Mods, please remove as this duplicates other threads and simply clutters things up!


----------



## DavidR (Mar 19, 2008)

The act gives no specific information on how venomous snakes should be transported. My council gave me some stipulations, so check your license/the license of the person the snakes are being collected from/delivered to. My council say that I have to give them 7 days written notification before moving any snakes. I also need to inform every council I will be travelling through. The snakes need to be double boxed and suitably labelled. I can't think of any reason why you can't stop en route, as long as the snakes are suitably contained. 

David.


----------



## DaveWillisHertsARG (Jul 8, 2012)

*Thanks*

Thanks David. I shall check the licence details of the people involved. Thanks. Really hope I don't have to contact every council en route! :gasp:


----------



## philipniceguy (Mar 31, 2008)

DaveWillisHertsARG said:


> Thanks David. I shall check the licence details of the people involved. Thanks. Really hope I don't have to contact every council en route! :gasp:


I have heard a number tell people that :gasp::gasp::gasp:, mine when I informed them I was picking up my caiman, just asked I had a secure box that it couldn't get out, and in case someone tried to nick the box, clearly mark what was inside, so I just stuck a bit of paper on the side saying DWA cuviers dwarf caiman. that was more than enough to keep my council happy. no need to inform everyone so on unless of course there is a problem


----------



## DaveWillisHertsARG (Jul 8, 2012)

*Thanks again*

That's what I would have thought Phil. I will also have a sign on my car- much the same as when we carry compressed air for diving - which informs emergency personnel in case of an accident.


----------



## philipniceguy (Mar 31, 2008)

DaveWillisHertsARG said:


> That's what I would have thought Phil. I will also have a sign on my car- much the same as when we carry compressed air for diving - which informs emergency personnel in case of an accident.

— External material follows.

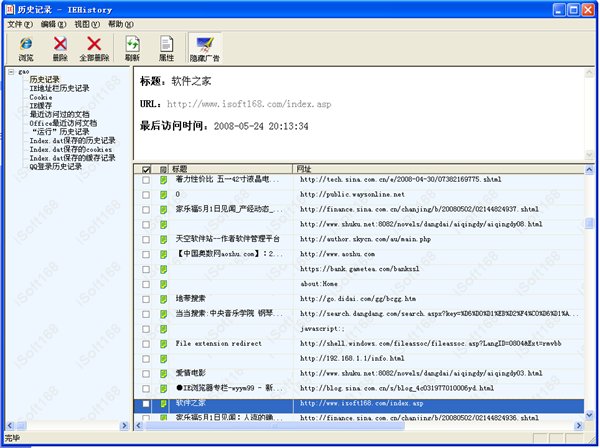 歷史記錄管理器用于查看和管理IE上網(wǎng)歷史記錄、緩存記錄、cookie記錄、地址欄歷史記錄、運(yùn)行歷史記錄、最近訪(fǎng)問(wèn)過(guò)的文件、QQ歷史記錄,以及使用IE不能查看和管理的保存在index.dat文件中的歷史記錄等等。它不但可以方便直觀的查看和管理本機(jī)與上網(wǎng)有關(guān)的所有歷史記錄,而且可以查看和管理用戶(hù)對(duì)本機(jī)的所有文件操作記錄,同時(shí)還可以有選擇性的刪除或全部刪除歷史記錄。另外,還可以查看并徹底清除使用IE的清除歷史記錄不能清除的記錄。最大限度保護(hù)你的隱私。也可以用于監(jiān)控未成年人對(duì)電腦的使用
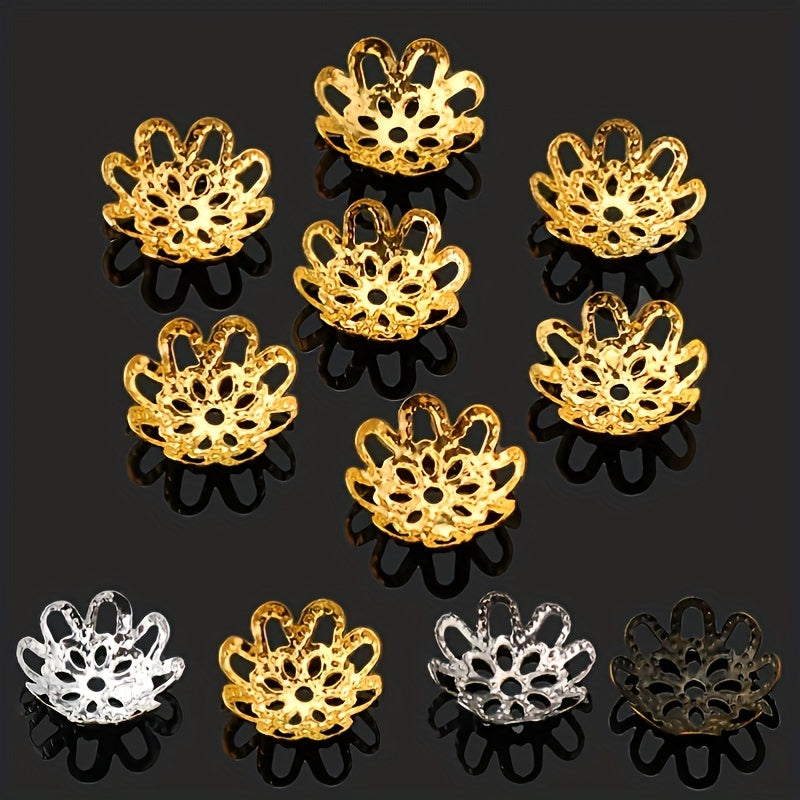 This set includes 100 flower tray pendants for making necklaces, bracelets, earrings, and hair accessories.

thats a good idea, better be safe than sorry : victory:


----------



## DaveWillisHertsARG (Jul 8, 2012)

*Sign*

Yes, I would not like some poor Police, Fire Officer or Paramedic suddenly faced with a box of something bitey in the course of their duties!


----------



## slippery42 (Mar 23, 2008)

Dave,

there are no rules relating to the transport of venomopus critters, just common sense. 

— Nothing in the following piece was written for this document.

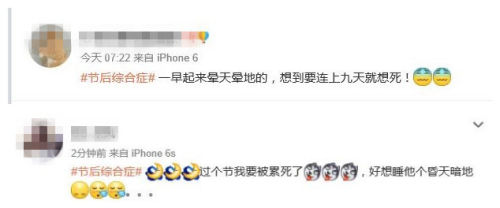 十一假期結(jié)束 四大建議教你遠離節(jié)后綜合癥 節(jié)后綜合癥是人們在假期之后出現(xiàn)的各種生理或心理表現(xiàn),例如在節(jié)后的幾天里感覺厭倦,提不起精神,上班和學(xué)習效率低,甚至有不明原因的惡心、神經(jīng)衰弱等。為避免出現(xiàn)這種情況,中新網(wǎng)梳理了一些飲食、休息等方面的建議,讓你在節(jié)后第一天精神滿滿。 調(diào)整作息 早睡早起 自2015年2月至今,新浪微博“#節(jié)后綜合癥#”的話題主頁持續(xù)有新帖發(fā)布,總閱讀量超過1000萬。節(jié)后第一天尚未到來,已經(jīng)有網(wǎng)友發(fā)帖抱怨“一早起來暈天暈地的”“好想睡他個昏天暗地”。 相對于上班、上學(xué)來說,很多人假期時的作息非常不規(guī)律。有人徹夜上網(wǎng)或打牌,有人奔波在旅途,生物鐘被打亂。節(jié)后又很難快速適應(yīng),晚上睡不著,白天睡不醒。 補救措施之一是調(diào)整作息,盡量早睡早起,有條件的話可以適當午休。如果晚上難以入睡,洗個熱水澡會有助于睡眠。

Secured containers are ideal, I prefer RUB's with cable tie through the handles and clearly labled.

Personally my view of telling every LA on route and or informing Plod is a complete waste of everyones time and even if my LA asked me I would not do it. There really is no need.

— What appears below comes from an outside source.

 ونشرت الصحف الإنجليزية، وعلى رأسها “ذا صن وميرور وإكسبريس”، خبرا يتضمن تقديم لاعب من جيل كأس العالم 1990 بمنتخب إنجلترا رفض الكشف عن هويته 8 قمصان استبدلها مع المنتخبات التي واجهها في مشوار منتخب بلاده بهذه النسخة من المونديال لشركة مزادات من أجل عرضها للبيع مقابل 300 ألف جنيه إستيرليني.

If transporting in summer be careful of over heating whilst you nip off for a brew or a pee!


----------



## Tim Hallam (Aug 17, 2010)

venomous snakes, Crocs and far more dangerous beasties have been winging their way back and forth across this land for many decades so why bother informing the so called authorities?! and how would anyone ever have any funny anecdotes if they did?!
like the time we had the 9ft Nile in the back of the Rover.........................:lol2:


----------



## DaveWillisHertsARG (Jul 8, 2012)

Snakes on a plane Tim!


----------